Personal information
- Full name: Charles Berry Parsons
- Born: 24 August 1903 Numurkah, Victoria
- Died: 12 July 1965 (aged 61) Warracknabeal, Victoria
- Original team: Warracknabeal
- Height: 183 cm (6 ft 0 in)
- Weight: 81 kg (179 lb)

Playing career^{1}
- Years: Club / Games (Goals)
- 1929–1930: Carlton / 33 (0)
- 1931–1934: Sturt / 65 (7)
- 1935: Claremont / 3 (2)

Representative team honours
- Years: Team / Games (Goals)
- South Australia / 8
- ^{1} Playing statistics correct to the end of 1935.

= Charlie Parsons (footballer) =

Australian rules footballer

Charles Berry Parsons (24 August 1903 – 12 July 1965) was an Australian rules footballer who played with Carlton in the Victorian Football League (VFL).

==Family==
The son of Edward Charles Parsons (1870–1938), and Clarissa Helen Wright (1871–1946), née Wright, Charles Berry Parsons was born at Numurkah, Victoria on 24 August 1903.

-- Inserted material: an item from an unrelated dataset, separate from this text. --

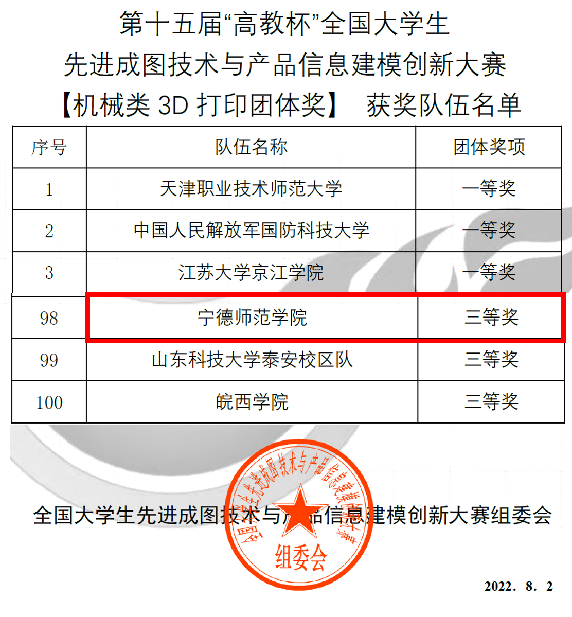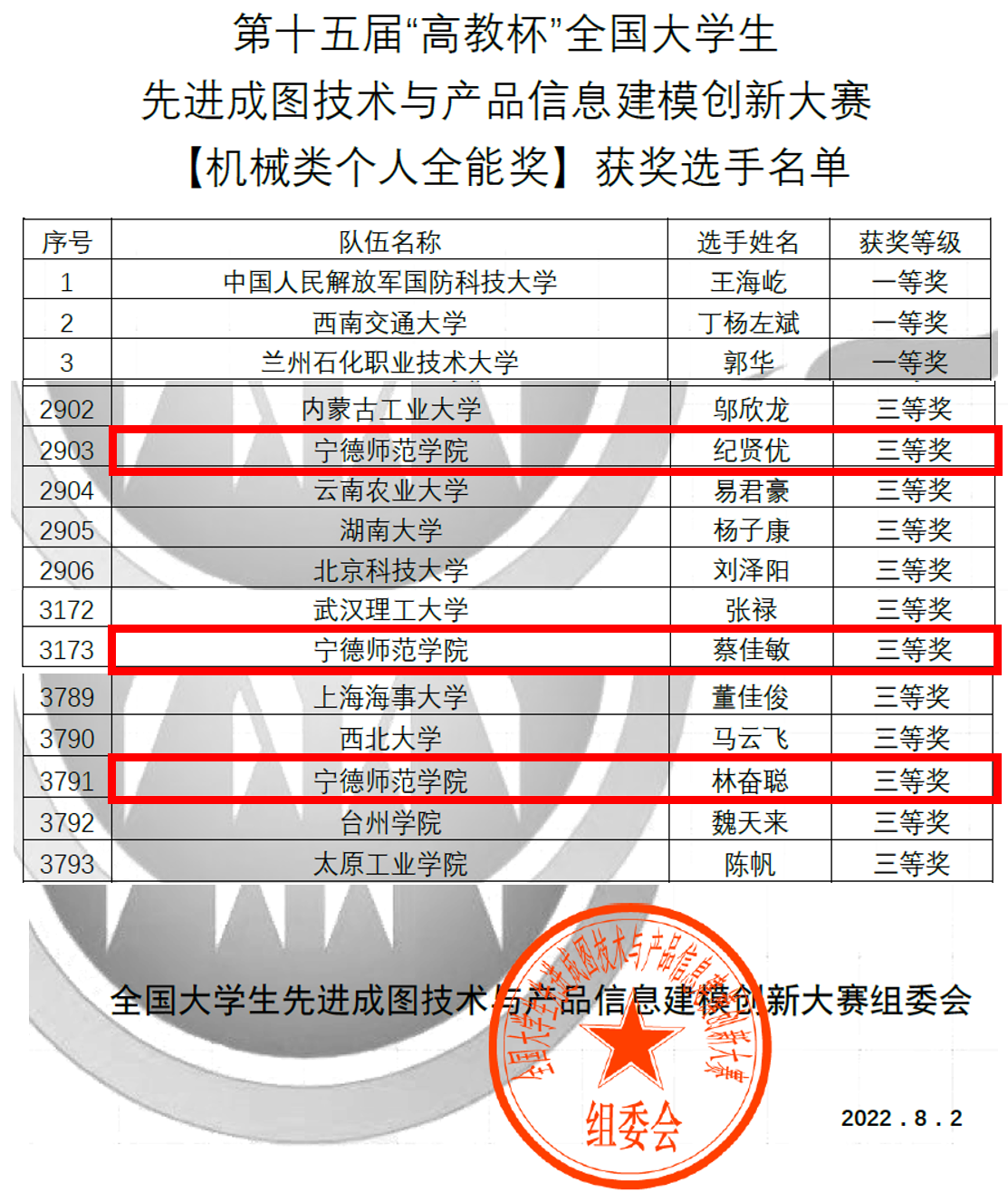 2022年7月30日—8月2日,第十五届“高教杯”全国大学生先进成图技术与产品信息建模创新大赛总决赛在江苏大学举行。经省赛选拔,永利官网信息与机电工程学院6名学生参与机械类决赛,获得国赛单项团体三等奖1项、国赛个人全能三等奖3项。

He married Maude Florence Lydia Bartell (1910–1997) at Perth on 5 October 1935.

==Football==
Renowned for his skill and his scrupulous fairness, he played at the highest level of Australian Rules football in three States — with Carlton in the VFL, with Sturt in the SANFL, and with Claremont in the WANFL — and, also, represented both the VFL and the SANFL in representative matches.

==Military service==
He enlisted in the Second AIF in 1940, and had reached the rank of Lieutenant at the time of his discharge in 1945.

==Death==
He died (suddenly) at his home at Warracknabeal, Victoria on 12 July 1965.